▶ **What you have to do**
Starting with the line that has "本文以王者荣耀职业联赛总决赛" and finishing with the line that has "as described below.", set down each line below exactly. Pictures are not copied.

▶ **Input data**
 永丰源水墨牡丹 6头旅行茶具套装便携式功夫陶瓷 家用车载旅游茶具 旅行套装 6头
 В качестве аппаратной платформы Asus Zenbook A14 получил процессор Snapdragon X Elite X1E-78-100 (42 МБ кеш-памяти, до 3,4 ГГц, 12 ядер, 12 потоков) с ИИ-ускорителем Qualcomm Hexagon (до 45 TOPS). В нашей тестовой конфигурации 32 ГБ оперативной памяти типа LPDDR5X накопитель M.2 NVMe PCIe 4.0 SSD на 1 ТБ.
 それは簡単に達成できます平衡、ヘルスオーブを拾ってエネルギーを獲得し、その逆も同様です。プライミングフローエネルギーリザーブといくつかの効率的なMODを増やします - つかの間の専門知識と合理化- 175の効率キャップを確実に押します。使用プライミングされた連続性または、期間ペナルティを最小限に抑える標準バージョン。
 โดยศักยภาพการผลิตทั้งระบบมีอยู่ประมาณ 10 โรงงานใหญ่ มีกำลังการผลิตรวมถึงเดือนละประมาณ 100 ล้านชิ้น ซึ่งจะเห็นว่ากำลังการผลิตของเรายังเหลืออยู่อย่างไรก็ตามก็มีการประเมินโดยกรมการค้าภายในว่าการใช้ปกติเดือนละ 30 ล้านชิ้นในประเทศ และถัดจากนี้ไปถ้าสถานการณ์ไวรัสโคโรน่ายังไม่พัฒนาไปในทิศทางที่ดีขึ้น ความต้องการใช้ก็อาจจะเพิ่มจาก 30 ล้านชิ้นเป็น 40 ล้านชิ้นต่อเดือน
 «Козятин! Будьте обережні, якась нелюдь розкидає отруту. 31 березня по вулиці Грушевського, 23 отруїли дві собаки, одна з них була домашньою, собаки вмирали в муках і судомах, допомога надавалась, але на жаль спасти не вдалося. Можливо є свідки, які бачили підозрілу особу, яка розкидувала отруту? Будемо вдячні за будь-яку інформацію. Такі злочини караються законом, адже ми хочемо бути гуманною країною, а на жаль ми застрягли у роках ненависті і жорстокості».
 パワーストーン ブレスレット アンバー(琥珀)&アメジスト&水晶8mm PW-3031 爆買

...

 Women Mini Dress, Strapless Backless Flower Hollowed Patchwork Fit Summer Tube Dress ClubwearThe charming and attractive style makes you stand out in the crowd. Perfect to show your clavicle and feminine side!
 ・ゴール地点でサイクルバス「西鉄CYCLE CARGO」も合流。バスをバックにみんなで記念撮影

...

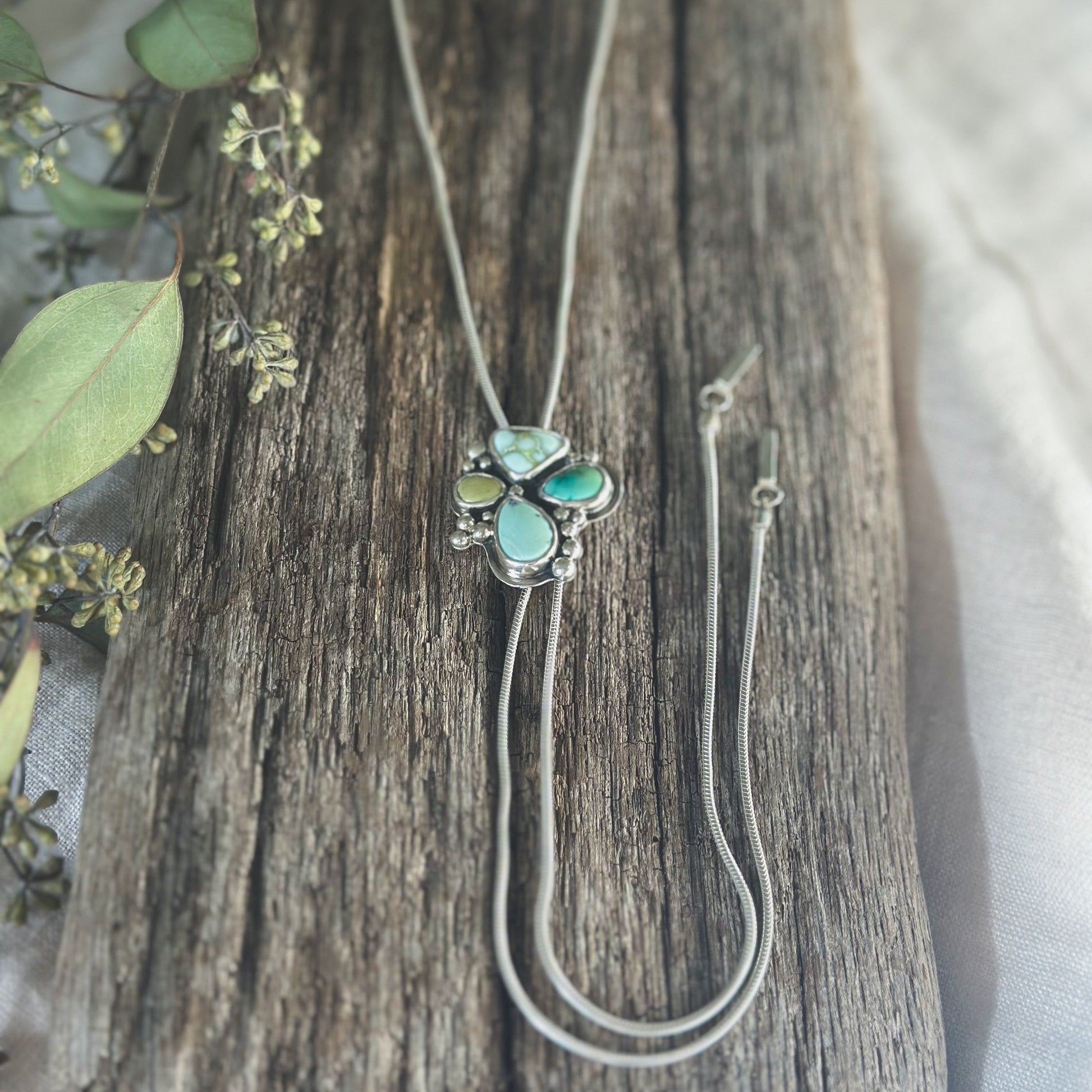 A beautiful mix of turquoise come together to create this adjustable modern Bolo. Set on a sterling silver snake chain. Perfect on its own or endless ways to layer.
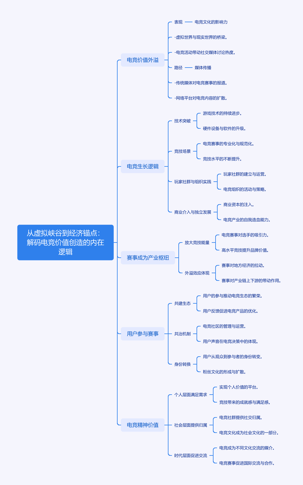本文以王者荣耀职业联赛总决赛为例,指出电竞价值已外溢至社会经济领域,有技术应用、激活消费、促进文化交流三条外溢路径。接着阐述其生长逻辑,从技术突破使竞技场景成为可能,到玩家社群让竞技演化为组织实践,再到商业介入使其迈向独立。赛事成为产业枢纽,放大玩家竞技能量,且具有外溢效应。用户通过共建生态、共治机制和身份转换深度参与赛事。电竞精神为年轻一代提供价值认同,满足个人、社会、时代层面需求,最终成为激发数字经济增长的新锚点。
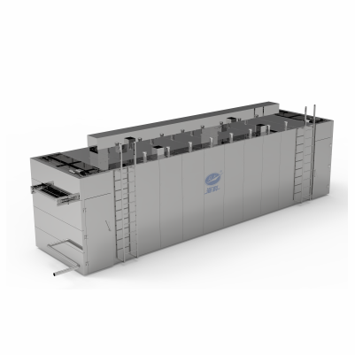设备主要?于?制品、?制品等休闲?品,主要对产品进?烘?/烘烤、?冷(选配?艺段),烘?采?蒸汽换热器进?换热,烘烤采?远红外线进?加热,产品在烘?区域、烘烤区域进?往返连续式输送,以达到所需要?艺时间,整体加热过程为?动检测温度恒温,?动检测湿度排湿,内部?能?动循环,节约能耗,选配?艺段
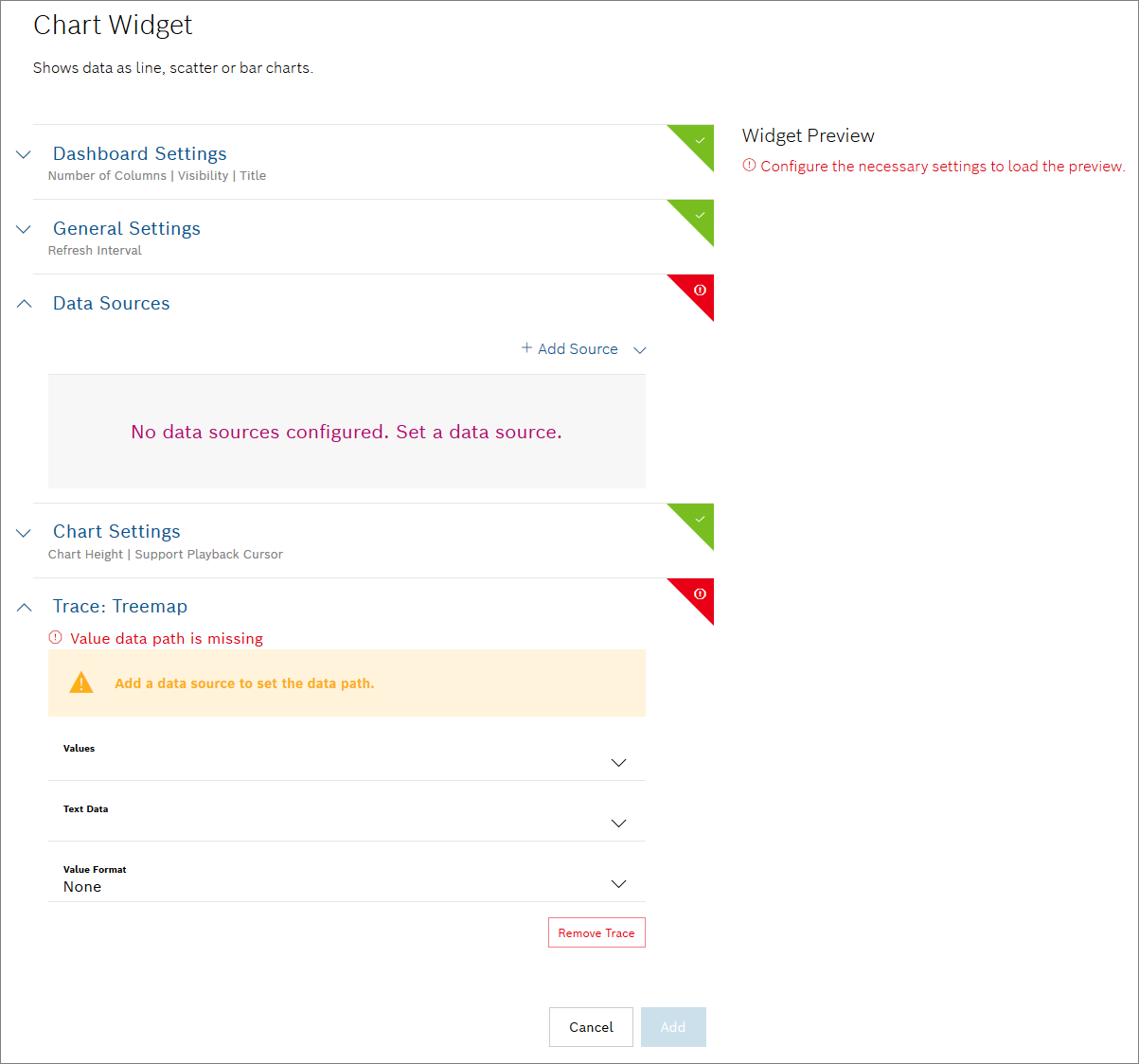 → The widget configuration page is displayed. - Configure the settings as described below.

▶ **Written solution**
本文以王者荣耀职业联赛总决赛为例,指出电竞价值已外溢至社会经济领域,有技术应用、激活消费、促进文化交流三条外溢路径。接着阐述其生长逻辑,从技术突破使竞技场景成为可能,到玩家社群让竞技演化为组织实践,再到商业介入使其迈向独立。赛事成为产业枢纽,放大玩家竞技能量,且具有外溢效应。用户通过共建生态、共治机制和身份转换深度参与赛事。电竞精神为年轻一代提供价值认同,满足个人、社会、时代层面需求,最终成为激发数字经济增长的新锚点。
设备主要?于?制品、?制品等休闲?品,主要对产品进?烘?/烘烤、?冷(选配?艺段),烘?采?蒸汽换热器进?换热,烘烤采?远红外线进?加热,产品在烘?区域、烘烤区域进?往返连续式输送,以达到所需要?艺时间,整体加热过程为?动检测温度恒温,?动检测湿度排湿,内部?能?动循环,节约能耗,选配?艺段
 → The widget configuration page is displayed. - Configure the settings as described below.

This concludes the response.